Sunny and her husband were a few feet away, staring at the shouting cheese-eater. Jen turned her back to them and pretended to deliberate over the cracker selection.
Jim stabbed another cube of cheese with the used toothpick and ate it. “You know, I’m doing these people a favor, eating all their stinkin’ cheese. And do I get any credit for it? Nope. All I get is more cheese.”
“I don’t care,” Jen hissed, a cracker crumbling in her hand. “I don’t care if they have more cheese in the fridge. I don’t care if the fridge is made of cheese. I don’t care if you win an award for eating the most cheese at this party and your prize is a fridge made of cheese. I want you to stop yelling and stop eating all the fucking cheese.”
“Why?” Jim asked, sliding three cubes of cheese into his mouth at once.
“Because you are embarrassing yourself.”
Jim ruminated. “You got your pronouns mixed up there,” he said past the cheese in his teeth. “You meant I am embarrassing you.”
“Yes, that, too!”
Jim drained his fourth glass and set it upside down on the ravaged cheese plate. “I’m leaving.” He maneuvered bluntly through the crowd toward the coat check. Meg and Pam were standing an arm’s length away from Jen, studying the floor. Trickles of red wine wound and seeped around cheese ashes.
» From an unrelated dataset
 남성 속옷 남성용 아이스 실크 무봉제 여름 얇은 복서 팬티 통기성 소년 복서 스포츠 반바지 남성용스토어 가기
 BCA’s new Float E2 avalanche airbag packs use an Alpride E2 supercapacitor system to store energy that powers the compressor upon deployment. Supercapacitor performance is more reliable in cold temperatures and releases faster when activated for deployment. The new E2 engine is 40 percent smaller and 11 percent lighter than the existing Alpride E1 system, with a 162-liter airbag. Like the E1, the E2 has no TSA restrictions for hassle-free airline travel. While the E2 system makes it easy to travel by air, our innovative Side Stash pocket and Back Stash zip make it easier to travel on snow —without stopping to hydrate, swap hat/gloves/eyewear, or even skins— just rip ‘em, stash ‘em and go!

“I should go—go with him,” Jen yelled apologetically to Meg and Pam.
Pam’s mouth moved some more.
“Pam, I’m sorry, but I haven’t heard a word you’ve said the whole time,” Jen yelled, and Pam turned away.
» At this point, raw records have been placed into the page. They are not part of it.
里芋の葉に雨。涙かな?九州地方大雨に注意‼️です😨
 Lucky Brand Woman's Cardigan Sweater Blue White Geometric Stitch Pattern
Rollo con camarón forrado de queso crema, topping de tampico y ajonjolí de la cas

“Okay,” Meg said, pulling Jen into a hug. “Maybe you should go. Maybe not. Let’s just take a moment together to think about it. But either way, do you want me to wrap up some cheese in a go-bag for you?”
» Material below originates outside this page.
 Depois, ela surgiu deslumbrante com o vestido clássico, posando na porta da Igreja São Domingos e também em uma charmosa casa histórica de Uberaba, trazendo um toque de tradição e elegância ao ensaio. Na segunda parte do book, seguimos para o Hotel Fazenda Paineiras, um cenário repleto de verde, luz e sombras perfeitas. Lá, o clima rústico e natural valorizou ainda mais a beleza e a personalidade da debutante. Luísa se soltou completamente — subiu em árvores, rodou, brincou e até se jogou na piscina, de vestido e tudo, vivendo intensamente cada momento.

Jen laughed into Meg’s shoulder. They stood quietly in the din, Meg’s fingers rubbing Jen’s back as they watched the crowd, until Jen felt another hand grasping hers.
Pam was pulling Jen back to the cheese plate, where she had arranged the cheddar crumbs and cracker shards into letters that spelled out STAY WITH US.
Pam had coaxed the trickle of Jim’s wine into a little underlining flourish on her message.
One of Jen’s hands was held in Meg’s and the other was held in Pam’s.
“You know what, I will stay a bit longer,” Jen yelled. “He needs to be alone. Meg, maybe I’ll just go cry in a bedroom with your ancient charge until we fall asleep.”
“You’ll wake up as somebody’s new wife,” Meg said.